TASK DESCRIPTION:
Repeat the records below exactly, leaving out any pictures.

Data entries
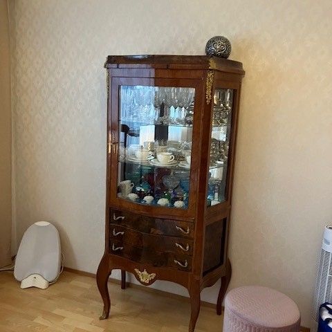 Lähinnä Empire-tyyliä (koristeellinen kuin rokokoo) oleva ulkomailta vuosikymmeniä sitten tuotu upea vintage vitriini / hylly, jalopuuta. Pronssilyötteet. Kerrassaan kaunis yksilö. Vintage kaunotar. Takana peili, joka moninkertaistaa kristalliesi ja hopean välkkeen, tietysti myös esim. lempikäsilaukut tms. voi laittaa tähän vaihtoehtoisesti esille. Tarjoa.
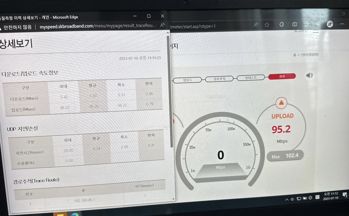 헛~ 사진에 띄워주신 인터넷 속도가 너무 처참하네요 ㄷㄷ
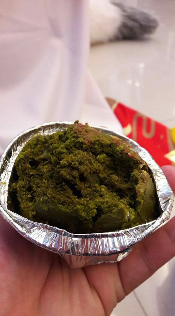 - ทำไมถึงกินเข้าไป สภาพแบบนี้กินลงไปได้ยังไง คือ มันก็มีคนที่ได้ไปแล้วไม่รู้ว่าข้างในไส้เป็นยังไงนะครับ ส่วนใหญ่คิดว่าเป็นแค่คัพเค้กชาเขียว แล้วแทบทุกคนไม่มีใครรู้ว่า เจ้าตัวกล้าใส่พริกไปขนาดนั้นรวมไปถึงนมบูด
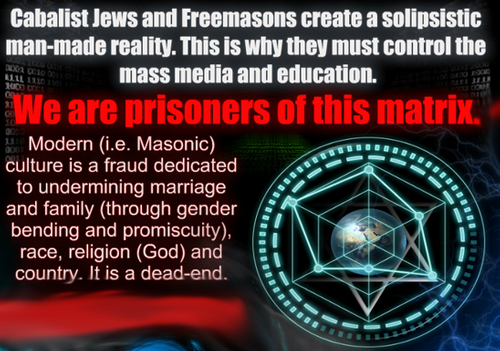Their agenda is to protect this monopoly by extending it into a monopoly over everything – power, knowledge, culture, religion – by reengineering humanity to serve them. This is “the matrix”. This is why Communist and LGBT values are foisted on children. Why universities have been neutered. Why corporations and banks promote migration and homosexuality. Why the foreign policy of the West is bent on destroying any resistance (Russia, Syria, Yemen, Iran, Korea). Society is satanically possessed by these people who use Freemasonry and organized Jewry as their instruments. Why do so few “pundits” get this?
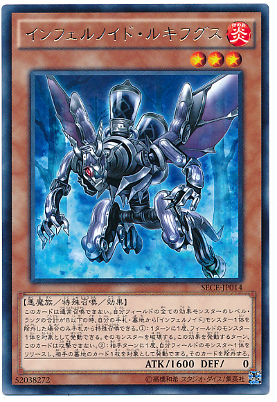 此卡不能通常召喚。 僅能在我方場上所有效果怪獸的等級、階級合計數在8以下時,從我方手札、墓地將1體「煉獄機魔」之名的怪獸除外才能從手札特殊召喚。 (1): 1回合1次,可以場上1體怪獸為對象發動。 該怪獸破壞。 發動此效果的回合,此卡不能攻擊。 (2): 對手回合僅1次,可以解放我方場上1體怪獸,以對手墓地1張卡片為對象發動。 該卡片除外。
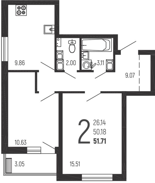 2-комнатная — 51,71 м²
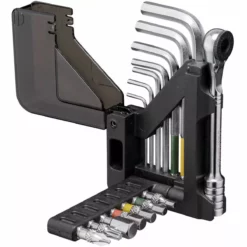 This elegant and dependable set features a quality ratchet, 7 ratchet bits, 7 ball-end Allen wrenches that are all stored in an innovative folding organiser body.Â
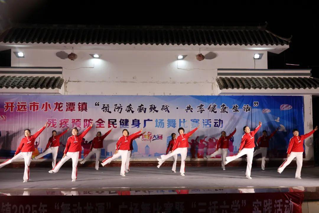 全民健身展风采,美好生活笑颜开。为做好残疾预防核心知识宣传工作,依托“全民健身活动”,推动全镇残疾预防工作深入开展,持续传递残疾预防深刻理念和丰富群众文化生活,近日,小龙潭镇组织在集镇龙源广场举办2025年“预防疾病致残·共享健康生活”残疾预防全民健身广场舞比赛暨“三话六学”实践活动。 来自全镇7个村(社区)的文艺队伍同台竞技,一展风采,赛出水平、赛出风格、赛出成绩。
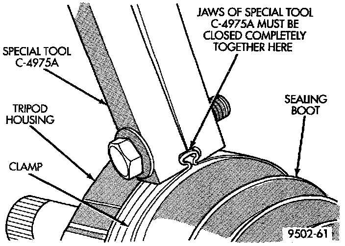 9. Clamp sealing boot onto outer C/V joint housing using Crimper C-4975-A and the following procedure. Place crimping tool C-4975-A over bridge of clamp. Tighten nut on crimping tool C-4975-A until jaws on tool are closed completely together, face to face.
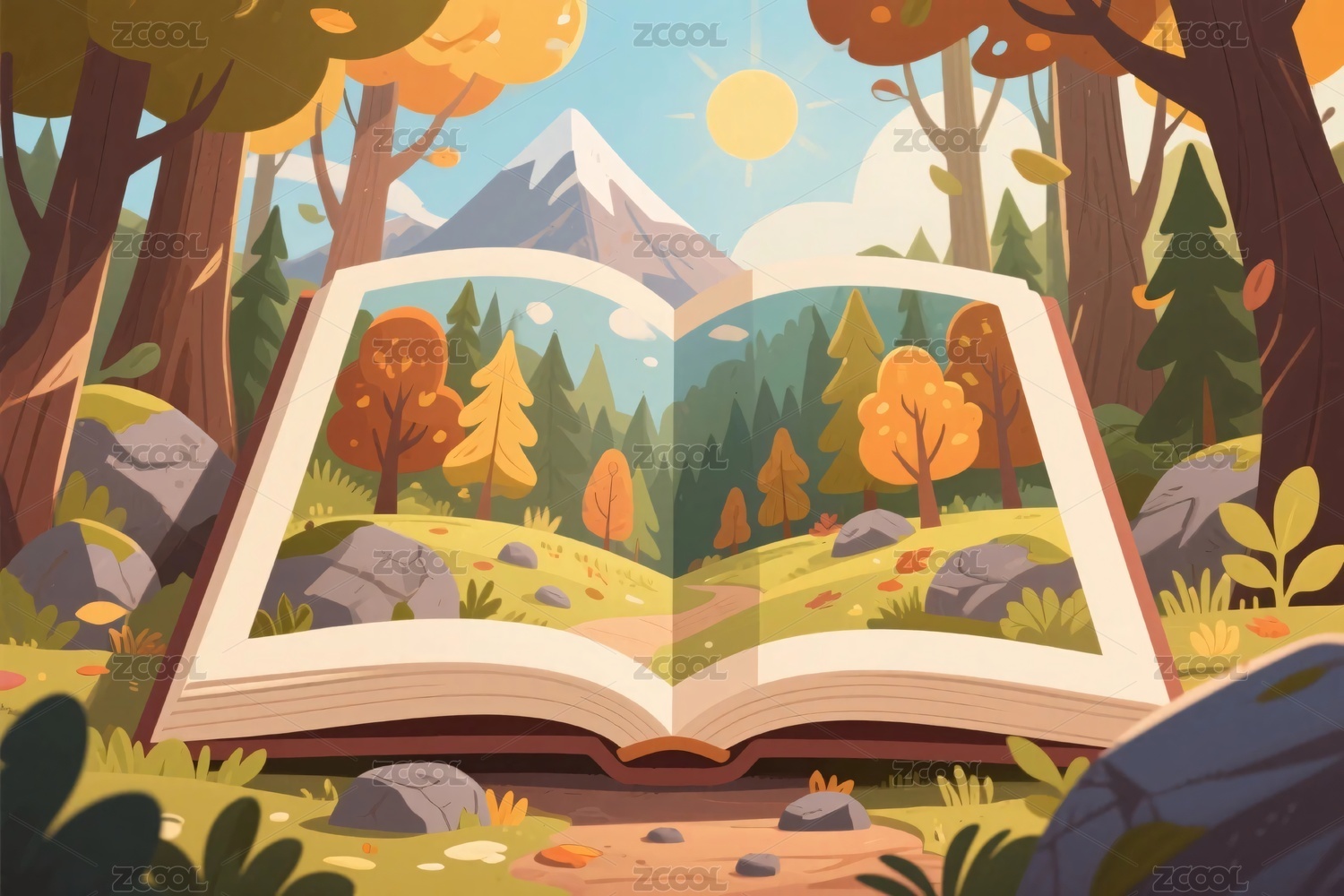 打开的书与秋林风景
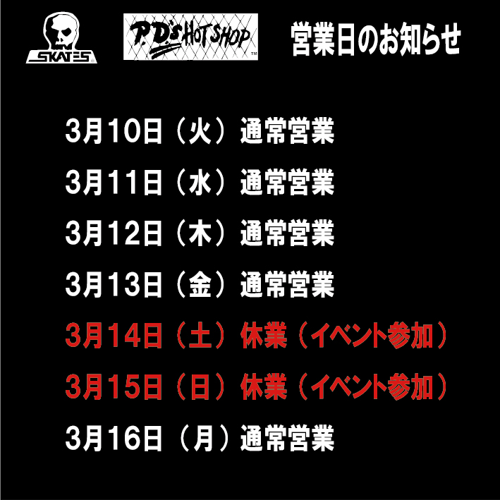 3月14日、15日はイベント参加の為
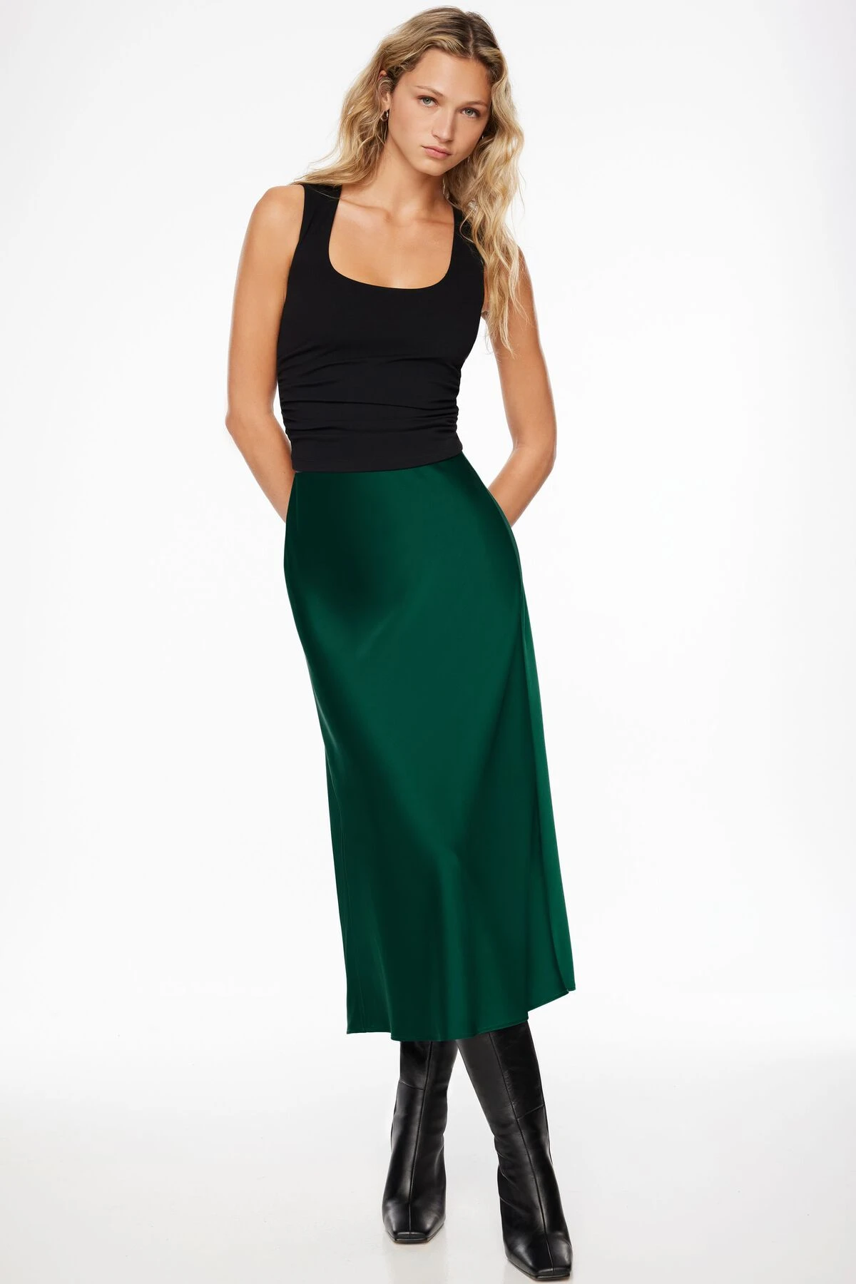 Let me introduce you to Melody – She is a satin slip midi skirt with a flowy skirt and a lustrous touch.

REPLY:
 Lähinnä Empire-tyyliä (koristeellinen kuin rokokoo) oleva ulkomailta vuosikymmeniä sitten tuotu upea vintage vitriini / hylly, jalopuuta. Pronssilyötteet. Kerrassaan kaunis yksilö. Vintage kaunotar. Takana peili, joka moninkertaistaa kristalliesi ja hopean välkkeen, tietysti myös esim. lempikäsilaukut tms. voi laittaa tähän vaihtoehtoisesti esille. Tarjoa.
 헛~ 사진에 띄워주신 인터넷 속도가 너무 처참하네요 ㄷㄷ
 - ทำไมถึงกินเข้าไป สภาพแบบนี้กินลงไปได้ยังไง คือ มันก็มีคนที่ได้ไปแล้วไม่รู้ว่าข้างในไส้เป็นยังไงนะครับ ส่วนใหญ่คิดว่าเป็นแค่คัพเค้กชาเขียว แล้วแทบทุกคนไม่มีใครรู้ว่า เจ้าตัวกล้าใส่พริกไปขนาดนั้นรวมไปถึงนมบูด
Their agenda is to protect this monopoly by extending it into a monopoly over everything – power, knowledge, culture, religion – by reengineering humanity to serve them. This is “the matrix”. This is why Communist and LGBT values are foisted on children. Why universities have been neutered. Why corporations and banks promote migration and homosexuality. Why the foreign policy of the West is bent on destroying any resistance (Russia, Syria, Yemen, Iran, Korea). Society is satanically possessed by these people who use Freemasonry and organized Jewry as their instruments. Why do so few “pundits” get this?
 此卡不能通常召喚。 僅能在我方場上所有效果怪獸的等級、階級合計數在8以下時,從我方手札、墓地將1體「煉獄機魔」之名的怪獸除外才能從手札特殊召喚。 (1): 1回合1次,可以場上1體怪獸為對象發動。 該怪獸破壞。 發動此效果的回合,此卡不能攻擊。 (2): 對手回合僅1次,可以解放我方場上1體怪獸,以對手墓地1張卡片為對象發動。 該卡片除外。
 2-комнатная — 51,71 м²
 This elegant and dependable set features a quality ratchet, 7 ratchet bits, 7 ball-end Allen wrenches that are all stored in an innovative folding organiser body.Â
 全民健身展风采,美好生活笑颜开。为做好残疾预防核心知识宣传工作,依托“全民健身活动”,推动全镇残疾预防工作深入开展,持续传递残疾预防深刻理念和丰富群众文化生活,近日,小龙潭镇组织在集镇龙源广场举办2025年“预防疾病致残·共享健康生活”残疾预防全民健身广场舞比赛暨“三话六学”实践活动。 来自全镇7个村(社区)的文艺队伍同台竞技,一展风采,赛出水平、赛出风格、赛出成绩。
 9. Clamp sealing boot onto outer C/V joint housing using Crimper C-4975-A and the following procedure. Place crimping tool C-4975-A over bridge of clamp. Tighten nut on crimping tool C-4975-A until jaws on tool are closed completely together, face to face.
 打开的书与秋林风景
 3月14日、15日はイベント参加の為
 Let me introduce you to Melody – She is a satin slip midi skirt with a flowy skirt and a lustrous touch.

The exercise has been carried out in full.